■ Try it ■
Leave out the pictures, then output the lines of the records below from the first through the one containing "This report forecasts".

◇ ◇ ◇ ◇ ◇ ◇ ◇

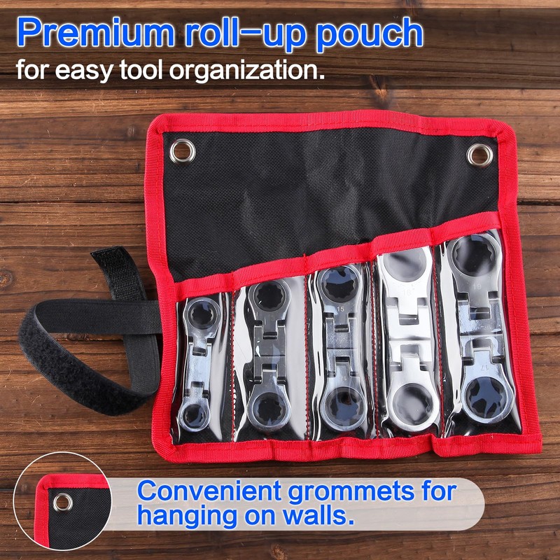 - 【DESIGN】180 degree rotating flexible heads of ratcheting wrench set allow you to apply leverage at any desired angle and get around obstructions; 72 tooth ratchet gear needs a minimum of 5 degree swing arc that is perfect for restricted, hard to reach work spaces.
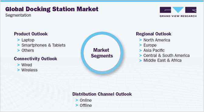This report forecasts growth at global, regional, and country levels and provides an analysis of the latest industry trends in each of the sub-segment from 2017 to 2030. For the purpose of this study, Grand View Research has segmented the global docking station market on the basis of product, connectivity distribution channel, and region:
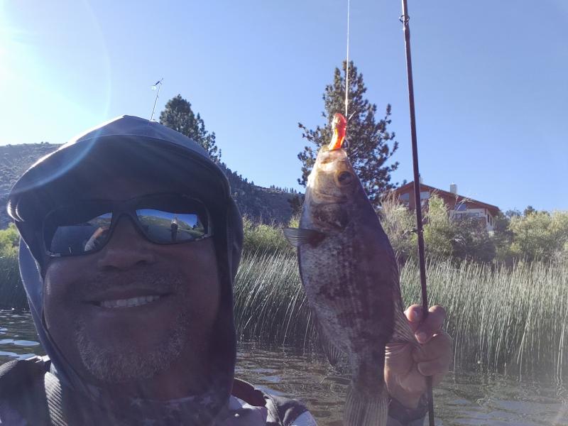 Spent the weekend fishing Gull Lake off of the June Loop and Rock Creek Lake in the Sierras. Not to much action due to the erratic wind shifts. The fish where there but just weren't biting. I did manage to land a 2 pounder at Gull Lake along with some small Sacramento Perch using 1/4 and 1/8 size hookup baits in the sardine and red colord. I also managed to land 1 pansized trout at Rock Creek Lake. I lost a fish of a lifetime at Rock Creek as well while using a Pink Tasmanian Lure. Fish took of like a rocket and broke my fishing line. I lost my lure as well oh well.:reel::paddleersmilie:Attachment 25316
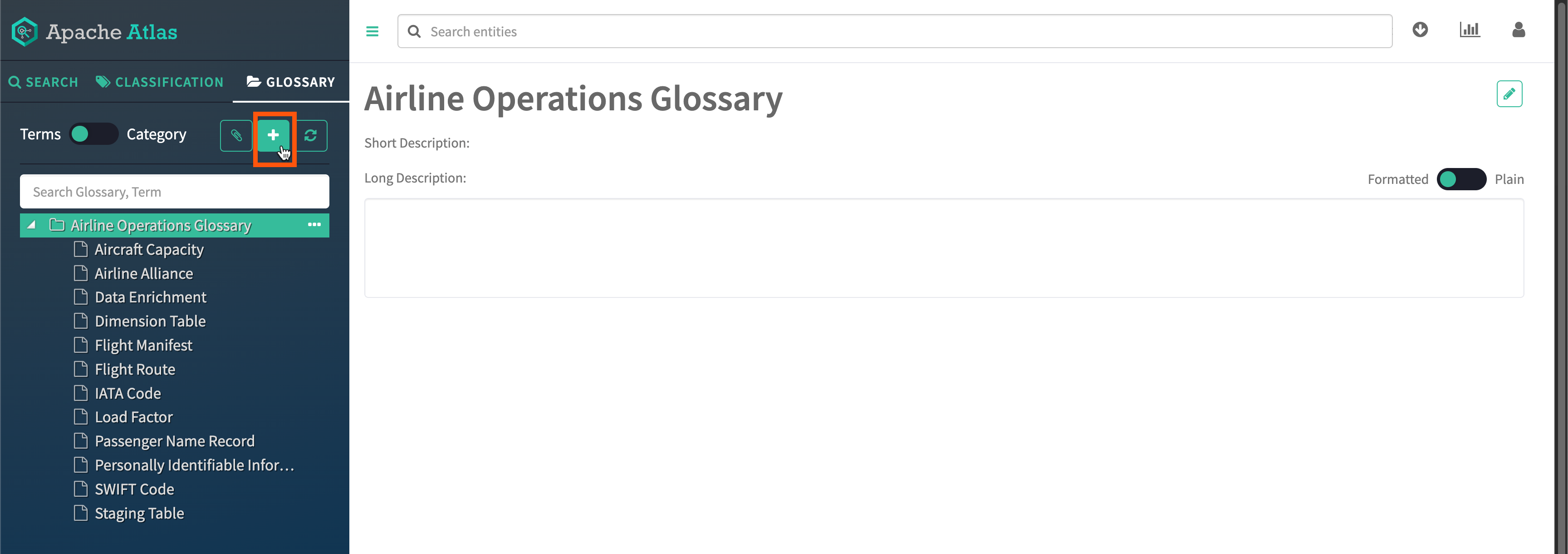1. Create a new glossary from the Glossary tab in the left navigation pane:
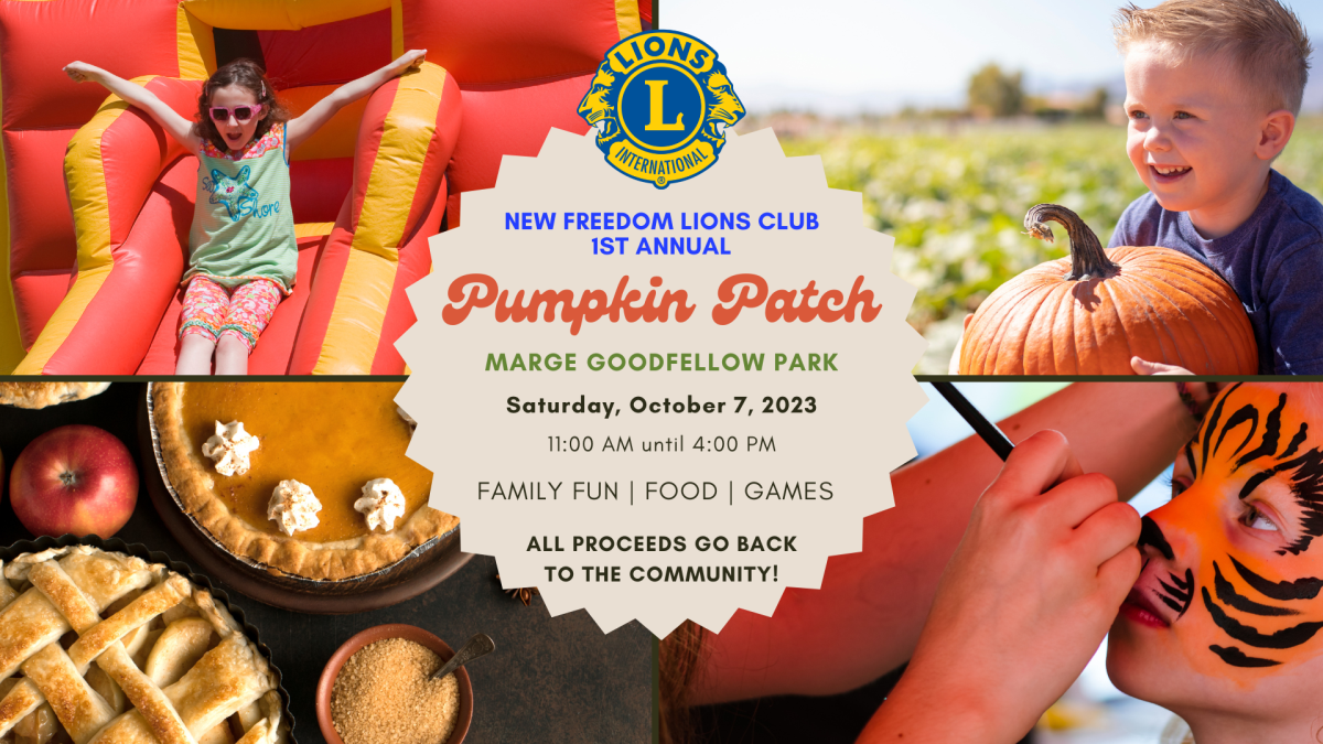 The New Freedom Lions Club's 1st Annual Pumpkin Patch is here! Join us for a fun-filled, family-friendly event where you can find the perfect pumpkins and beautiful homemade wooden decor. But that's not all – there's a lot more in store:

◇ ◇ ◇ ◇ ◇ ◇ ◇

■ Response area ■
 - 【DESIGN】180 degree rotating flexible heads of ratcheting wrench set allow you to apply leverage at any desired angle and get around obstructions; 72 tooth ratchet gear needs a minimum of 5 degree swing arc that is perfect for restricted, hard to reach work spaces.
This report forecasts growth at global, regional, and country levels and provides an analysis of the latest industry trends in each of the sub-segment from 2017 to 2030. For the purpose of this study, Grand View Research has segmented the global docking station market on the basis of product, connectivity distribution channel, and region:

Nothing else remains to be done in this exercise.